-- Supplied information follows --
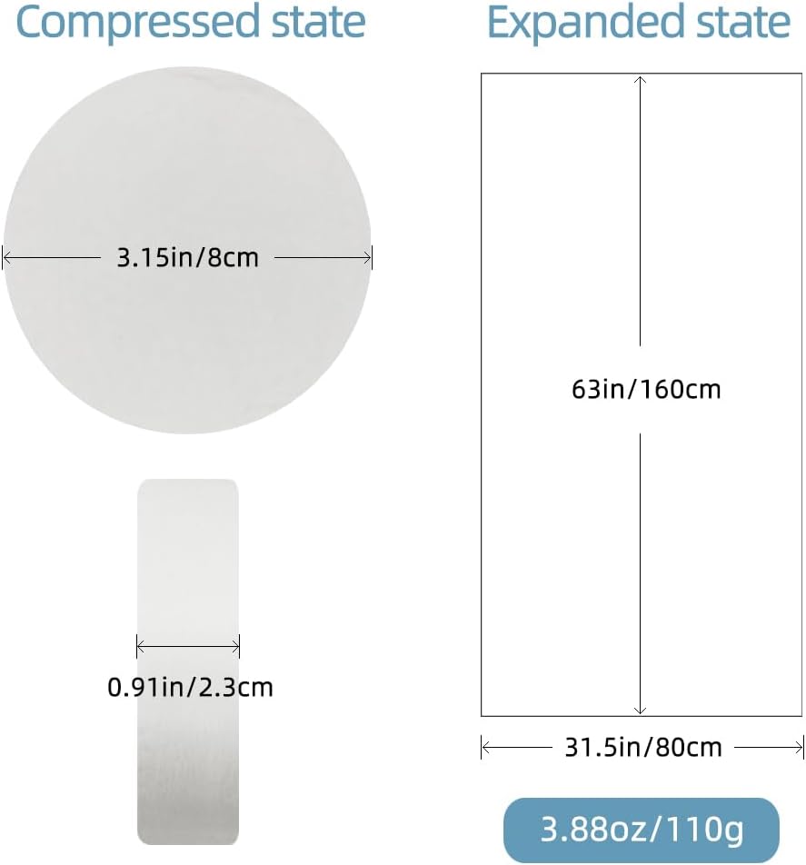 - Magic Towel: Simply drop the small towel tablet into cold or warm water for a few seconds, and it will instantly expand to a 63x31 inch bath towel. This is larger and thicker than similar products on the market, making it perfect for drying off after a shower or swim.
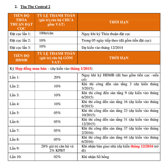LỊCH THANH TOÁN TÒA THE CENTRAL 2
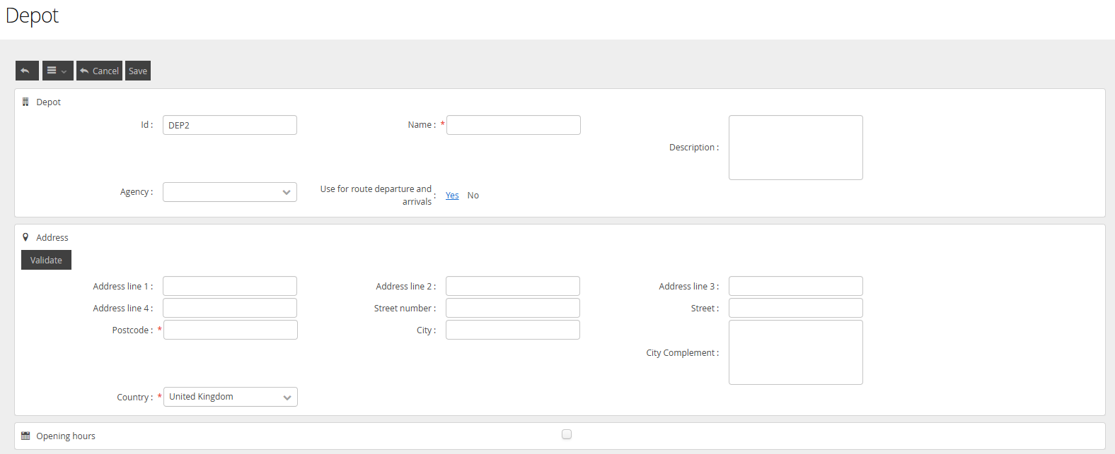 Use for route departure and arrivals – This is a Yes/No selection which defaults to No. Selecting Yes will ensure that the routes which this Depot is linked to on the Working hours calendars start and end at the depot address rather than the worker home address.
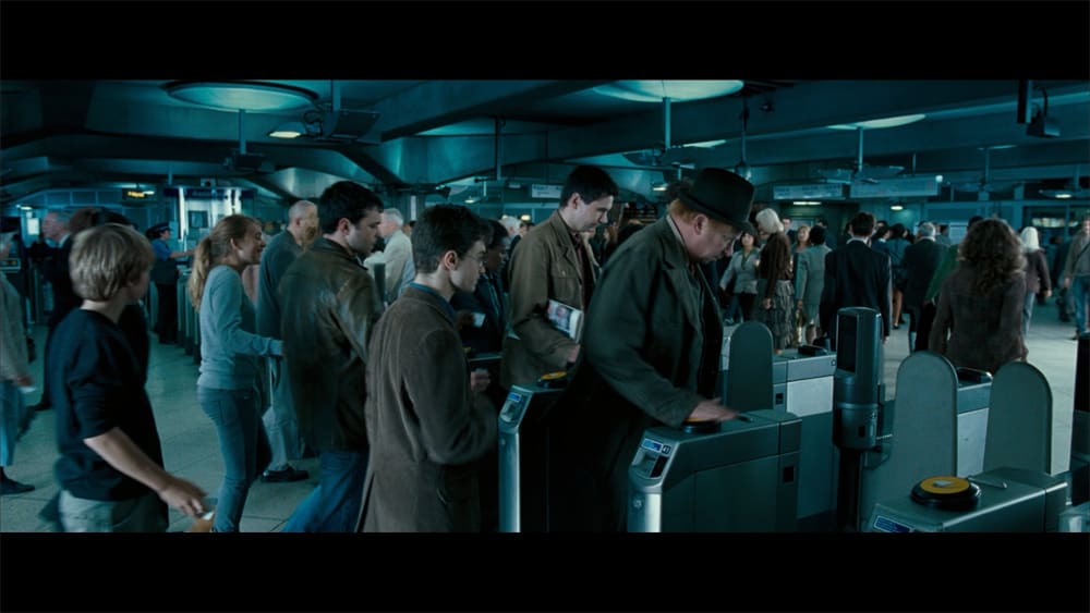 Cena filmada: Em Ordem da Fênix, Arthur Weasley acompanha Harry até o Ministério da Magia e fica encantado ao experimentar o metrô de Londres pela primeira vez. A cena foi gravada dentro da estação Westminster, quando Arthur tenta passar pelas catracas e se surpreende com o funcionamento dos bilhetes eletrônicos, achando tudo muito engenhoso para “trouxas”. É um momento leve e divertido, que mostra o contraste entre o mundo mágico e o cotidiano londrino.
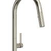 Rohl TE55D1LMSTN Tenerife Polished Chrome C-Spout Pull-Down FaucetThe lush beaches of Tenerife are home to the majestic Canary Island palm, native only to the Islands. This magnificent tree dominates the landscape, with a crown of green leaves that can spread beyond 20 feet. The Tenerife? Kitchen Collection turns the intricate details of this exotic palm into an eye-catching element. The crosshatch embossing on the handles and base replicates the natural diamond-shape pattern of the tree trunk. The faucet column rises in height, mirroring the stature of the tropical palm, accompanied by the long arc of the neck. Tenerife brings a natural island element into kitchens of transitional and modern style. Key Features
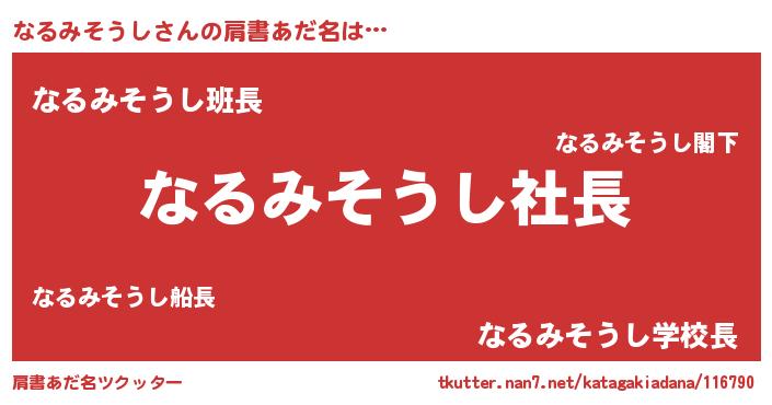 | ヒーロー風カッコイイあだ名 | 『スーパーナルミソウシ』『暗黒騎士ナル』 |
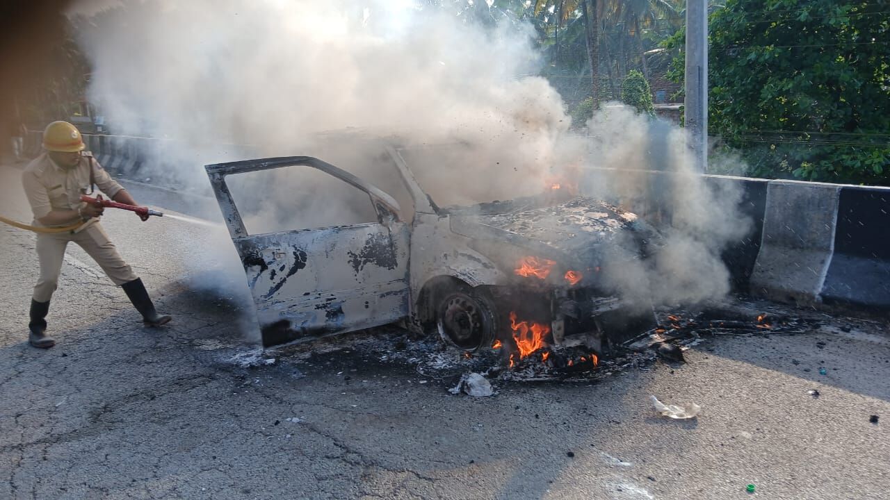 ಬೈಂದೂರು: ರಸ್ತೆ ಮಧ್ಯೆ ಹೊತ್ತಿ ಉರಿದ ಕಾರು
-- Supplied information concluded --
-- Supplied information follows --
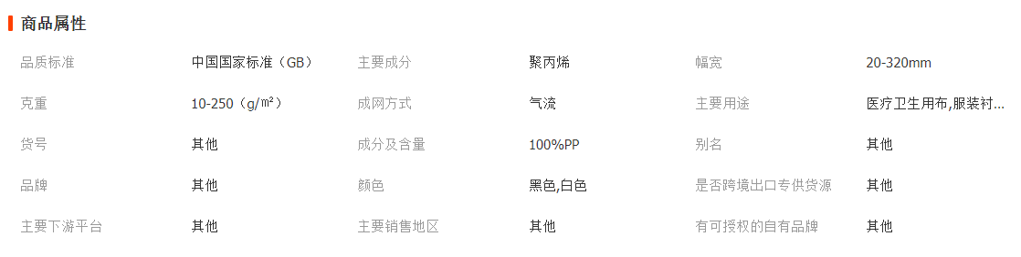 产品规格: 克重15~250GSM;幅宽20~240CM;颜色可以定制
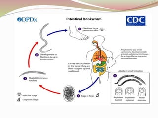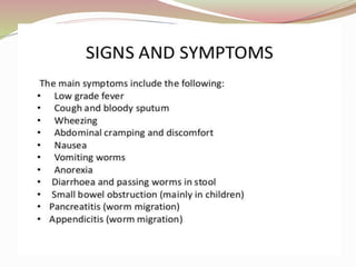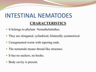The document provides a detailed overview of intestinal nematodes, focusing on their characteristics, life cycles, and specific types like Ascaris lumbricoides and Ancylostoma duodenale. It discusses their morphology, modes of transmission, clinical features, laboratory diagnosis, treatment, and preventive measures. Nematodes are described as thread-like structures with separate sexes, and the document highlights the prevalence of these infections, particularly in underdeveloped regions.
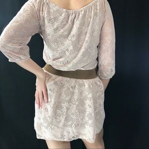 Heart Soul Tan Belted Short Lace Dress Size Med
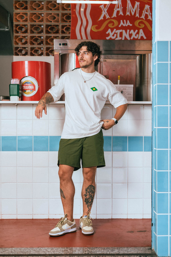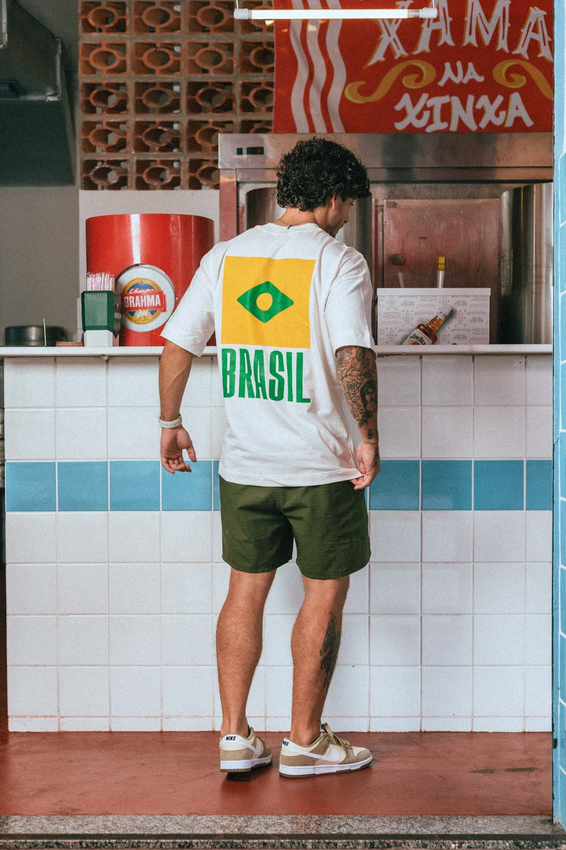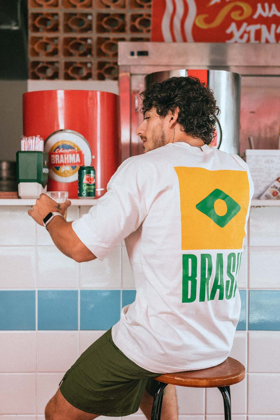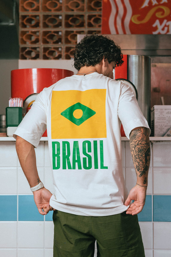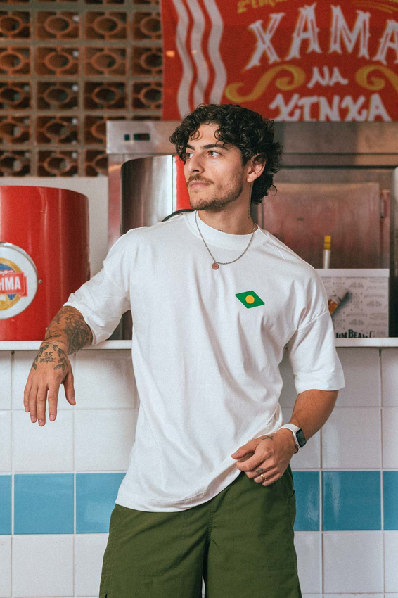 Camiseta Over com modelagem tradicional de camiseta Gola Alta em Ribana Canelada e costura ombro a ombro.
-- Supplied information concluded --
-- Supplied information follows --
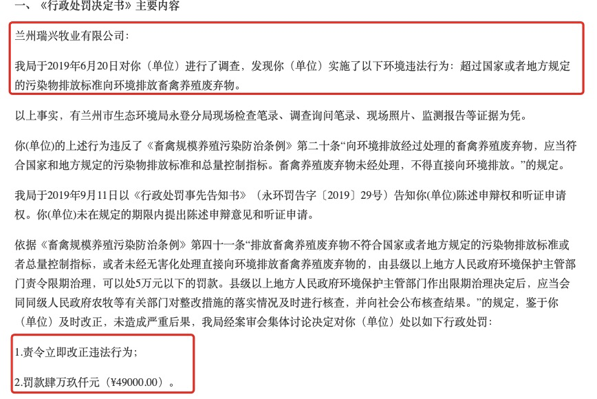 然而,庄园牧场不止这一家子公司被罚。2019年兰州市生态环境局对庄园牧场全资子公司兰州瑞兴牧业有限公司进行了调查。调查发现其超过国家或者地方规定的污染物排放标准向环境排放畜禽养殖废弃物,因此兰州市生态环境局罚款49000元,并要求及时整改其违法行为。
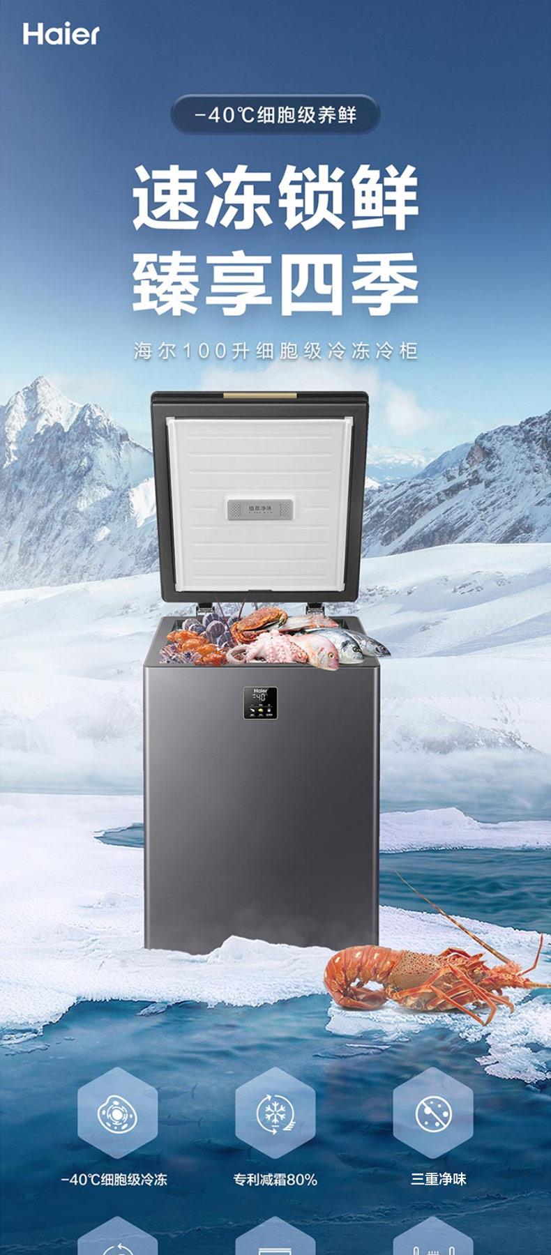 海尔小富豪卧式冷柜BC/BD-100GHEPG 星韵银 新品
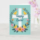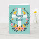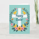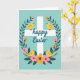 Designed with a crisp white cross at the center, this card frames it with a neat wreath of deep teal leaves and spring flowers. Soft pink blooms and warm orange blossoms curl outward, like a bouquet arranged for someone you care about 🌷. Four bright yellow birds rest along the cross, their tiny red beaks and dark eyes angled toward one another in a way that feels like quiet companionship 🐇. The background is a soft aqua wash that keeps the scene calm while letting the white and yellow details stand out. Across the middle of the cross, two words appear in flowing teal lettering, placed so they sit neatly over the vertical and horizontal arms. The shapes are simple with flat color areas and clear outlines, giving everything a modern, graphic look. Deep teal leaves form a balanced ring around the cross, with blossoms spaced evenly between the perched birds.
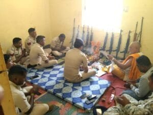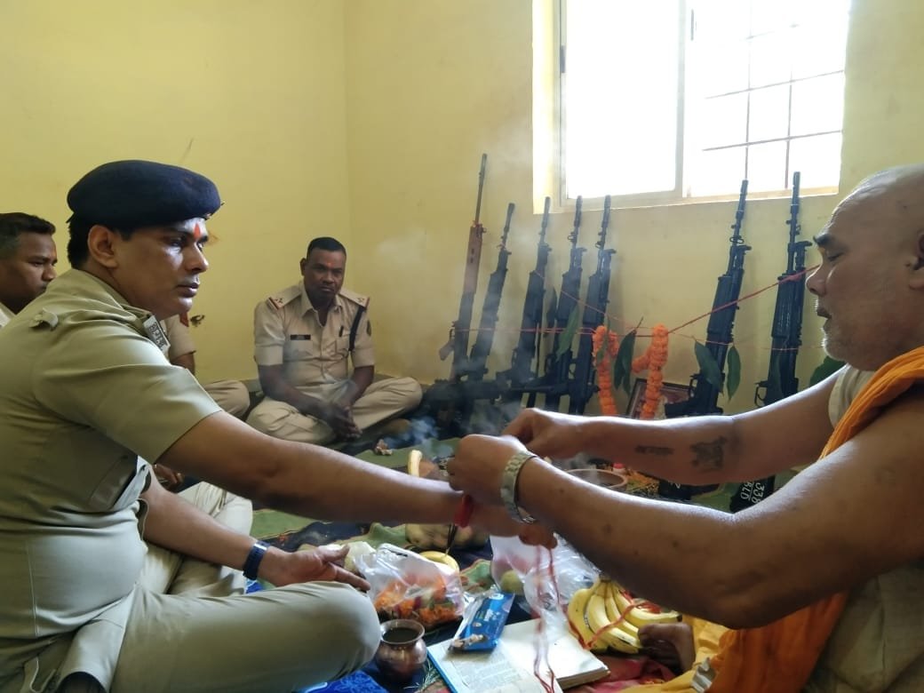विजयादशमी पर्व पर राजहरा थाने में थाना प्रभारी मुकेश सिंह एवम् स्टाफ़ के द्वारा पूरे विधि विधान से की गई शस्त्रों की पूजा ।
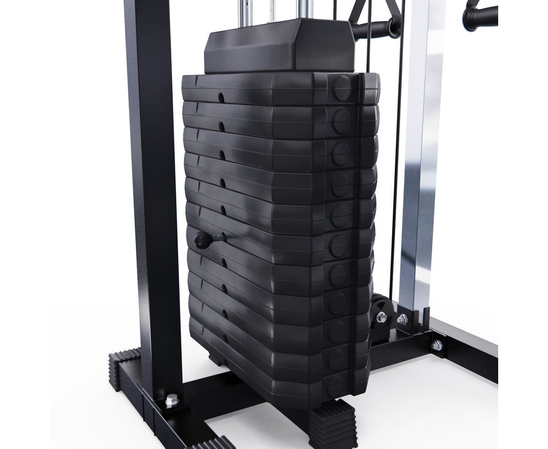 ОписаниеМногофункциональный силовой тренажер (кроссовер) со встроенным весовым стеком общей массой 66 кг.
-- Supplied information concluded --
* **Work order**
The response must repeat exactly the lines above from the one with "- Magic Towel: Simply" through the one with "ಬೈಂದೂರು: ರಸ್ತೆ ಮಧ್ಯೆ ಹೊತ್ತಿ ಉರಿದ ಕಾರು", including both, and must contain no pictures and no other text.

* **Result below**
 - Magic Towel: Simply drop the small towel tablet into cold or warm water for a few seconds, and it will instantly expand to a 63x31 inch bath towel. This is larger and thicker than similar products on the market, making it perfect for drying off after a shower or swim.
LỊCH THANH TOÁN TÒA THE CENTRAL 2
 Use for route departure and arrivals – This is a Yes/No selection which defaults to No. Selecting Yes will ensure that the routes which this Depot is linked to on the Working hours calendars start and end at the depot address rather than the worker home address.
 Cena filmada: Em Ordem da Fênix, Arthur Weasley acompanha Harry até o Ministério da Magia e fica encantado ao experimentar o metrô de Londres pela primeira vez. A cena foi gravada dentro da estação Westminster, quando Arthur tenta passar pelas catracas e se surpreende com o funcionamento dos bilhetes eletrônicos, achando tudo muito engenhoso para “trouxas”. É um momento leve e divertido, que mostra o contraste entre o mundo mágico e o cotidiano londrino.
 Rohl TE55D1LMSTN Tenerife Polished Chrome C-Spout Pull-Down FaucetThe lush beaches of Tenerife are home to the majestic Canary Island palm, native only to the Islands. This magnificent tree dominates the landscape, with a crown of green leaves that can spread beyond 20 feet. The Tenerife? Kitchen Collection turns the intricate details of this exotic palm into an eye-catching element. The crosshatch embossing on the handles and base replicates the natural diamond-shape pattern of the tree trunk. The faucet column rises in height, mirroring the stature of the tropical palm, accompanied by the long arc of the neck. Tenerife brings a natural island element into kitchens of transitional and modern style. Key Features
 | ヒーロー風カッコイイあだ名 | 『スーパーナルミソウシ』『暗黒騎士ナル』 |
 ಬೈಂದೂರು: ರಸ್ತೆ ಮಧ್ಯೆ ಹೊತ್ತಿ ಉರಿದ ಕಾರು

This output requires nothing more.